Mental Health, Nature, Walking

It’s The Little Things

The restorative part of my walks are almost always found in the little things.

We can think our lives lack meaning, but the smallest of exchanges can make the biggest difference.

Just the exchange of friendly smiles and hellos as I pass strangers on the pathways lift my spirits. Such a small thing, but to someone feeling lonely and lost or in a dark place, a stranger taking the time to smile, to acknowledge your presence, to offer an hello can be like a warm coat in a storm. I know I am always grateful for a stranger’s smile or greeting when I am in a dark place.

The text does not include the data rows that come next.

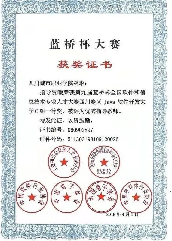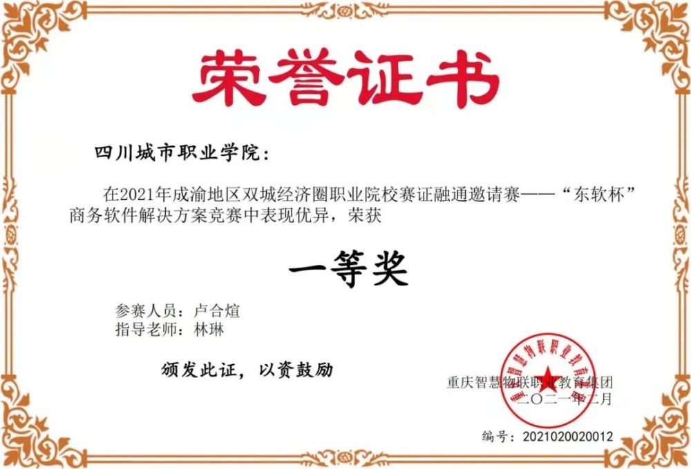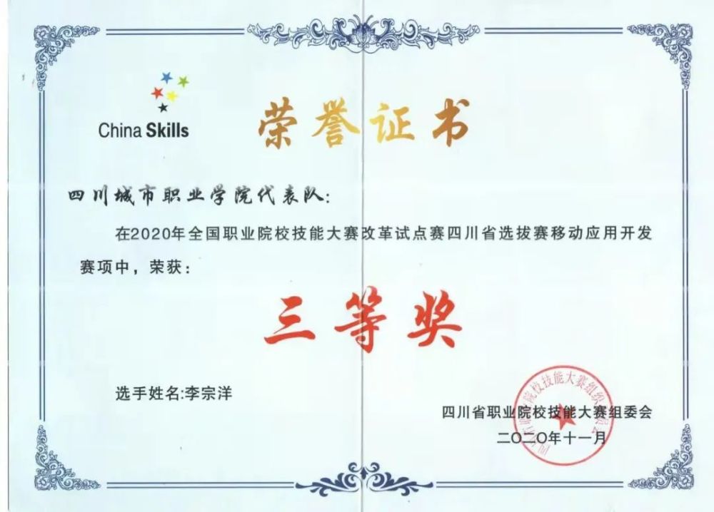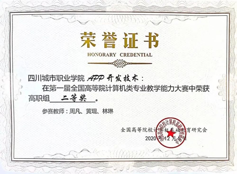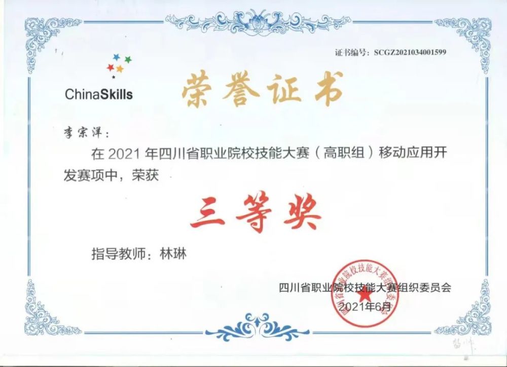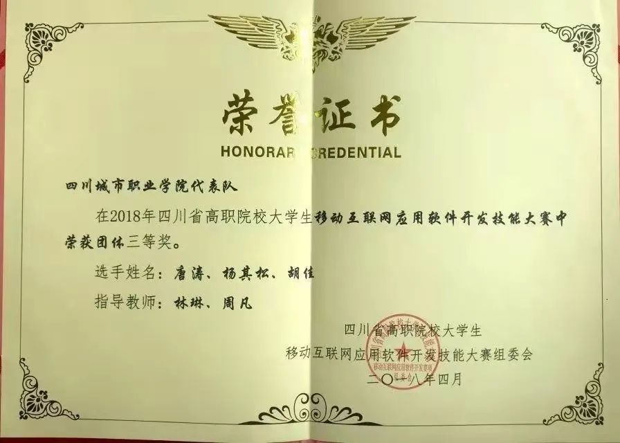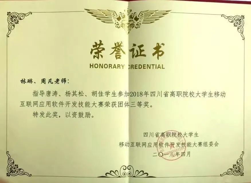 本专业学生在各类比赛中获奖达40余项:连续4年获得四川省高职院校大学生移动互联网应用软件开发技能大赛三等奖,多届蓝桥杯全国软件和信息技术专业人才大赛C语言、Java一二三等奖,四川省高职院校四合天地杯大数据与应用技能大赛三等奖,四川高职英语口语技能大赛一等奖,成渝地区商务软件解决方案大赛一等奖,三创赛(创新创业创意)省一等奖,首届中华职业教育创新创业大赛省二等奖等。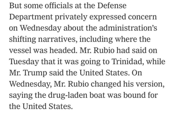 So, although we are not being told where the boat was, presumably, the fact that the Secretary of State said this (he presumably had been briefed on the location) means that the boat was somewhere between Venezuela and Trinidad and Tobago when it was blown up. To then say that they knew it was headed for America…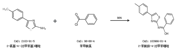 1.通过2-氨基-4-(对甲苯基)噻唑和苯甲酰氯合成2-苯酰胺-4-对甲苯噻唑,收率约98%;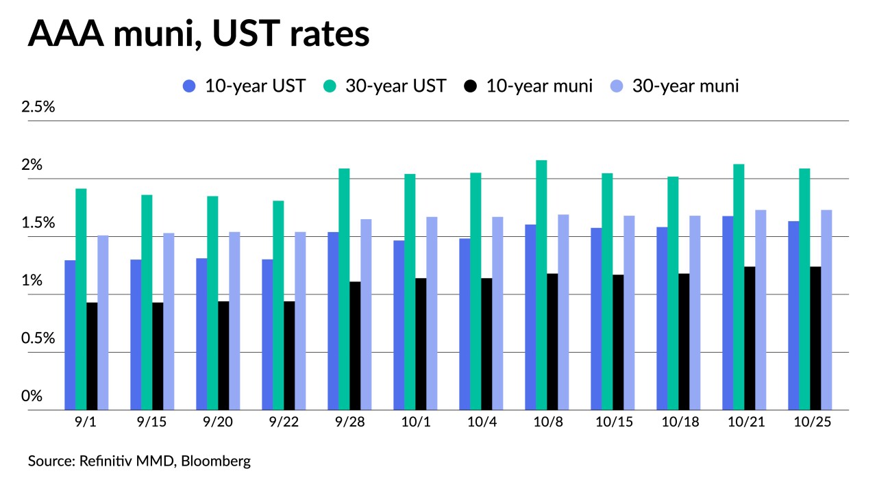 A lighter, $5 billion calendar, heavy on healthcare, kicks off November. Most participants agree volatility in U.S. Treasuries will be a leading factor for municipal market performance. Uncertainty in Washington also isn't helping the asset class.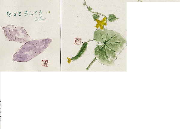 雷のお母さんがゴロゴロ、ゴロゴロ 大豆をひいて黄な粉を作っています ぺんぎんのぺんちゃんが 注)冷蔵庫の番人の人形のペンちゃん ぺ「なにつくりはるの?」 雷「お盆におはぎを作って仏さまにお供えするのよ」 ぺ「ああそう、安心したわ、きょうは腹巻するの忘れてたの」 雨はキュウリの葉っぱを濡らしただけで ぺんちゃんがうたたねからめがさめるとてどこかへいってしまいました ぺ「涼しくて、快適やわあ」ぺんちゃんはごきげんです 今日は朝から蝉さんもどこかへいってしまって せっせせっせの声が聞こえません 山のふもとの涼しい木陰に集まって 「のど自慢大会」をしているのでしょう人気ブログランキングへクリックお願いします「さっちゃんのお気楽ブログ」のポストカードをご希望の方は 下記「手づくりの店 本郷」さんにお問い合わせください。 ---------------------------------------------------手づくりの店 本郷 〒776-0010徳島県吉野川市鴨島町鴨島233-1Blog : http://ameblo.jp/hongo-blog/TEL : 0883-24-3711E-mail : secchan@brown.plala.or.jp----------------------------------------------------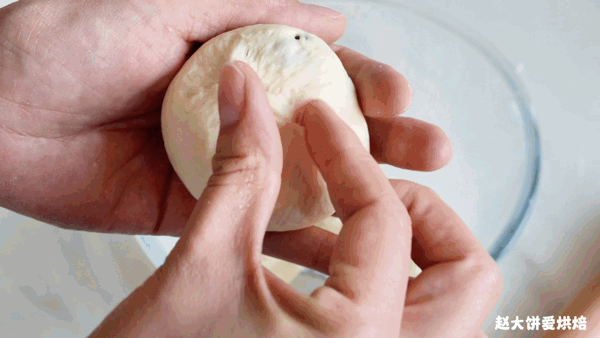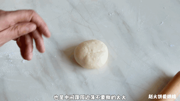 6,收口朝下,再次輕輕的稍微搟開即可,也是中間厚,四周薄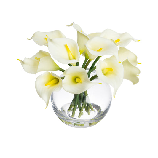 Glamorous Fusion 22cm Calla Lily Arrangement in Fishbowl Vase - Artificial Flower Arrangements and Artificial Plants

I try to make sure my own smiles and hellos are not merely reflexive. It’s true that it’s a habit I have cultivated, but I try to keep it infused with sincerity. I look at the stranger as they approach and note their demeanour. I make eye contact. I take a moment to consider what their lives might be like. I smile, say hello and let them go. But sometimes, some of them stay with me long after our paths have crossed.

A couple days ago I was in a deep conversation with a friend while I walked along. My phone was tucked in my small purse and my toque and hair covered my earbuds. As I listened to my friend, I noticed a couple standing on the edge of the ridge looking down. The man saw me coming and motioned for me to come over.

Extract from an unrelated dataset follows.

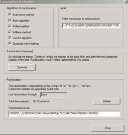 A kriptoanalízishez kapcsolódó másik példa, mely jól szemléltethető CrypTool-ban, az egész számok faktorizációjához kapcsolódik, ([1]). Az alábbi példa azt szemlélteti, hogy egy 200 jegyű összetett számot (ahol az összetett szám két prímszám szorzata) abban az esetben, mikor a két prím azonos nagyságrendű, azaz 100 bites szám, nem sikerül a programmal faktorizálni, de abban az esetben mikor a két prím eltérő nagyságrendű, azaz az egyik csak 20 bites, a másik pedig 180 bites szám, sikeres lesz a faktorizálás.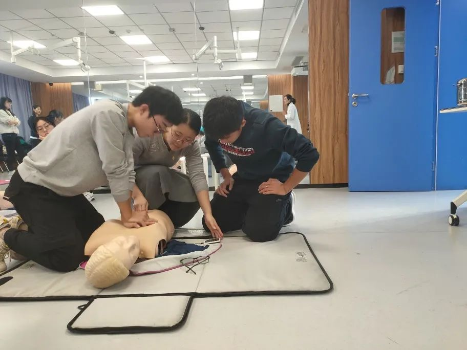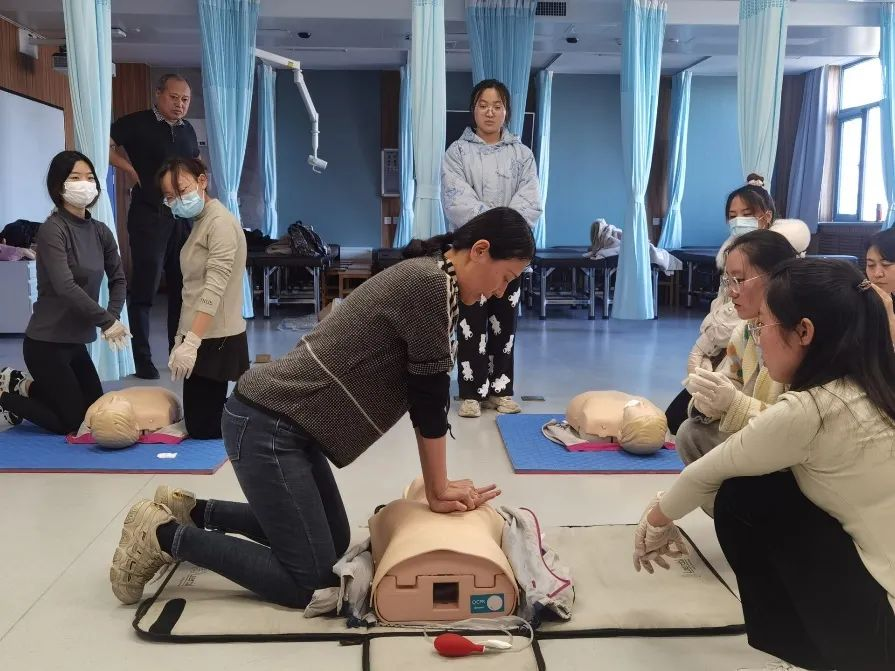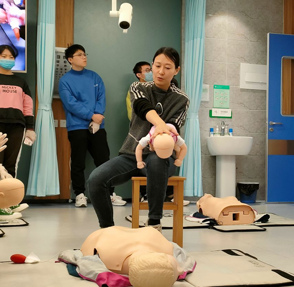 带教老师首先对心肺复苏术(CPR)的基本原理及操作步骤进行了讲解示范。心肺复苏术是针对呼吸心跳停止的急症危重病人所采取的关键抢救措施,目的在于恢复患者自主呼吸和自主循环。同学们积极踊跃参与练习。第二部分是海姆立克急救法的培训。海姆立克急救法主要针对异物堵塞呼吸道致患者无法呼吸的突发意外情况,通过不断冲击上腹部的操作使膈肌瞬间抬高,迫使肺内气流将气道内的异物冲击出来,又被称为“生命的拥抱”。老师详细讲解了适用于成人及一岁以上儿童的站位、卧位及自救的手法。此次活动中师生互动频繁,员工讨论热烈,课堂气氛活跃,实践操作性强。通过本次支部共建活动,员工掌握了以上两种急救方法,通过正确的救助方法及时有效提高救治率;同时进一步培养了员工们尊重生命、敬畏生命的大医情怀及积极救助、为民服务的精诚意识。本次活动取得圆满成功。

“There’s a couple deer down below,” he said, with enthusiasm.

I looked down at the two deer, going about their lives, chewing on twigs, oblivious to the joy they were bringing the humans gazing down at them.

Confusion soon followed as I switched from talking to my friend to commenting on the beauty of the deer and how last week we had spotted a buck in the same spot. I volleyed back and forth sorting out and explaining the conversations to each of them.

I’m talking to someone on the phone.

Some people are showing me some deer on the ridge.

As I carried on, thanking the man for showing me the deer, he called after me, “Say hello to your friend on the phone!”

I relayed the message and we all laughed. The world felt smaller, kinder, more inclusive. And, well…deer!

That was three days ago now and I am still smiling at the memory. And sitting here typing about it now.

Never underestimate the power you can have by taking the time to include strangers in the smallest of interactions.

Of course, negative interactions have a lasting impact as well. It’s been almost 30 years since I was picking up a bunch of balloons for a family reunion. They were filled with helium and bopping about in the backseat of my car. It turned out to be a very unsafe decision.

I made a lane change and a bouncing balloon blocked my view of a vehicle in my blind spot. I don’t know how close we came to colliding, but the man was incensed, so I’d say pretty close. He drove up alongside me honking his horn, his face livid, his middle finger jabbing the air. He wasn’t wrong to be angry, but I still think of him with anxiety all these decades later.

Humans seem wired to want a life fused with meaning. Too often we think that means attaining money, possessions or fame, when a meaningful life can simply be one where we go out each day determined to show kindness to everyone we meet.

And never put balloons in the backseat of your car.